Lead singer Bono was inspired to write the lyrics after seeing a photograph of Lake Constance titled Boden Sea; the image had taken by Japanese photographer Hiroshi Sugimoto. Bono had the idea of a place "where the sea meets the sky and you can't tell the difference between the two". When it came to recording the song, producer and co-writer Daniel Lanois stated that "the vocal happened very early on, that whole - a-whoawhoawhoawhoa! - that little hook. The vocal delivery, the vibe was there right from day one." Bono noted that the overlying theme behind the song was infinity, and that the track was inherently optimistic. The Boden Sea image would later become the album's cover art.

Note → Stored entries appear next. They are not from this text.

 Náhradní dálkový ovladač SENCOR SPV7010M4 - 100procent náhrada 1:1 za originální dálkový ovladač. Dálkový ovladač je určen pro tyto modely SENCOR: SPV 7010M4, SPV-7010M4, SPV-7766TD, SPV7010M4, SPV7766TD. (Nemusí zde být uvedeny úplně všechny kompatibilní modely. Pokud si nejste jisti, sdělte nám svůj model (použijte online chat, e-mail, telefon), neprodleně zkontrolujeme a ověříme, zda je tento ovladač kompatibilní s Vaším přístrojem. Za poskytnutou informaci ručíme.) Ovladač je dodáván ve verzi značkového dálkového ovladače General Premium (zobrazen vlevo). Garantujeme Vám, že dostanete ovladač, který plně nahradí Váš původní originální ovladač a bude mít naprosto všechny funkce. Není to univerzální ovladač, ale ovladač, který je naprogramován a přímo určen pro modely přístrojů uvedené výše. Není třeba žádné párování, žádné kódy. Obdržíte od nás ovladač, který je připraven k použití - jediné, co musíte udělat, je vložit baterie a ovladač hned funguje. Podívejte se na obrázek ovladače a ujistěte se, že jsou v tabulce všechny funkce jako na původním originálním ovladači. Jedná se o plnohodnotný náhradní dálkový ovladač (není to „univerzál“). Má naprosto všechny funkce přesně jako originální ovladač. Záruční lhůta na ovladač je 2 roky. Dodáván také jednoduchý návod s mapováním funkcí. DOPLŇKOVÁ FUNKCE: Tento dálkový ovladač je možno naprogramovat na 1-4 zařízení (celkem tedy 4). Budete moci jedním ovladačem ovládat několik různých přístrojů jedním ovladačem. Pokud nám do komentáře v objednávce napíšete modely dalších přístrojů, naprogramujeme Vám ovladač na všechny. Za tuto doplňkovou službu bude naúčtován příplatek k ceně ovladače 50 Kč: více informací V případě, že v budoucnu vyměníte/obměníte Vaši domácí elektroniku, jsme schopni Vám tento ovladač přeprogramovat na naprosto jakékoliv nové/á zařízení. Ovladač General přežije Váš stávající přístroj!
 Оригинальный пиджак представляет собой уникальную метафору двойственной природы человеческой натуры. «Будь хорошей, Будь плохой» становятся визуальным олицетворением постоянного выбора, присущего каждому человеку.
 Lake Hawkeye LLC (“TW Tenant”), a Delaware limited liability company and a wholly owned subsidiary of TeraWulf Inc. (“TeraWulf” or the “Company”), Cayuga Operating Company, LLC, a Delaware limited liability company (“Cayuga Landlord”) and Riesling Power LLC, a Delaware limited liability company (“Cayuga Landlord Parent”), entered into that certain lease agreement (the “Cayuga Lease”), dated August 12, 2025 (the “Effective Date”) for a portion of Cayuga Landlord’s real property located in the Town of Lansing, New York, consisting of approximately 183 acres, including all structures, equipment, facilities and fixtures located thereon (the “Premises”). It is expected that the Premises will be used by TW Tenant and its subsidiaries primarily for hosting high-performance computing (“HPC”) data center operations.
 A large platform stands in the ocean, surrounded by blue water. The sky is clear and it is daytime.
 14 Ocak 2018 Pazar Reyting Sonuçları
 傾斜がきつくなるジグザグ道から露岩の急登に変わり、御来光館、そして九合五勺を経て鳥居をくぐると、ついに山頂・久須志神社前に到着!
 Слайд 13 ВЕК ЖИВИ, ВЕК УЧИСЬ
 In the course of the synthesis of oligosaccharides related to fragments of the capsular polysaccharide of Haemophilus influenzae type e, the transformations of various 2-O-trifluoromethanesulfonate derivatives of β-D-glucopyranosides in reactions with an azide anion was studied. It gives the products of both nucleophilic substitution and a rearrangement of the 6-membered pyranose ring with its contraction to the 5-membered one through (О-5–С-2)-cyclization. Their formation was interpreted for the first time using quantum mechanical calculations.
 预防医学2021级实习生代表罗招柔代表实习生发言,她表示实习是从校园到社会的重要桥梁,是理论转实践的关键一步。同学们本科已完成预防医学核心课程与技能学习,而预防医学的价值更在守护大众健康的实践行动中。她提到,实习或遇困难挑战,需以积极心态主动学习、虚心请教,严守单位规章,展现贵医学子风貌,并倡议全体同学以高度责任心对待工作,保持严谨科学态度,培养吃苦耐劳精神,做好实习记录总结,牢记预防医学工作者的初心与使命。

By the end of the recording sessions in December 2008, two versions of the track existed; the first was a slower, more atmospheric composition, while the second was faster and less layered. The former was chosen for the album while the latter was renamed "No Line on the Horizon 2" and released as a bonus track on the Japanese, Australian, and iTunes versions of the album, as well as a B-side to the "Get on Your Boots" single. Along with "Fez – Being Born" and "Get on Your Boots", "No Line on the Horizon" was one of three candidates to open the album. The band eventually decided that "No Line on the Horizon" was the best selection.

==Composition==
Q described "No Line on the Horizon" as an "Unforgettable Fire-esque slow burner that builds to a euphoric coda", and "No Line on the Horizon 2" as "a punk-y Pixies/Buzzcocks homage that proceeds at a breathless pace." Rolling Stone called the song a "combination of garage-organ drone, fat guitar distortion and Mullen's parade-ground drumming". Spin felt that Bono's "whoa-oh's" gave the song a gritty feel.

==Live performances==
"No Line on the Horizon" was first played live during the No Line on the Horizon promotional tour at a filming for the BBC's The Culture Show. It was performed at almost every concert during the first two legs of the U2 360° Tour, with a new acoustic arrangement being played once during the tour's third leg. The song has not been played since 2010, but it was rehearsed before the Innocence + Experience Tour in an acoustic arrangement which was not performed on tour.

==Appearances in other media==
"No Line on the Horizon" appears as the fifth track in the Anton Corbijn film Linear, based on a story by Corbijn and Bono in which a Parisian traffic cop travels across France and the Mediterranean Sea to visit his girlfriend in Tripoli. During the sequence, the cop, played by Saïd Taghmaoui, continues on his journey through the Spanish countryside until pulling into a small town for lunch where the next track, "Fez - Being Born", begins.

==Reception==
Reception to "No Line on the Horizon" was mostly positive. Allmusic praised the track, saying that "U2 strike that unmistakable blend of soaring, widescreen sonics and unflinching openhearted emotion that's been their trademark, turning the intimate into something hauntingly universal," also noting that it "resonate[s] deeper and longer than anything on Atomic Bomb". NME likened the song to "Vertigo" while saying "thanks to the Edge pressing the button marked 'freight train' rather than 'annoying echo' on his guitar, ["No Line on the Horizon"] throbs with a refound passion and remains peppered with new sounds and textures." Uncut enjoyed the song, saying it "crashes in like a wave over the bows, washes of keyboards retreating to reveal a growling guitar riff retreaded from "The Fly", and one of U2's most memorably anthemic choruses." Mojo, while commenting that the track echoed the band's 1991 song "Zoo Station", felt that Bono dragged the song down, commenting that he "strain[s] for dramatic tension, lapses horribly into Chris Martinese, both in his mannered vocal inflection and screeds of lyrical twaddle." Pitchfork Media was not impressed with the song, saying that its "hard-nosed verse is torpedoed by its deflating fart of a hook." Time rated it the third best song of 2009.

==Personnel==
- Bono – vocals, guitar
- The Edge – guitar, backing vocals
- Adam Clayton – bass guitar
- Larry Mullen Jr. – drums, percussion

==Charts==

| Chart (2009) | Peak position |
|---|---|
| Belgium (Ultratop 50 Wallonia) | 38 |

==Certifications==

| Region | Certification | Certified units/sales |
| Brazil (Pro-Música Brasil) | Platinum | 60,000^{*} |
^{*} Sales figures based on certification alone.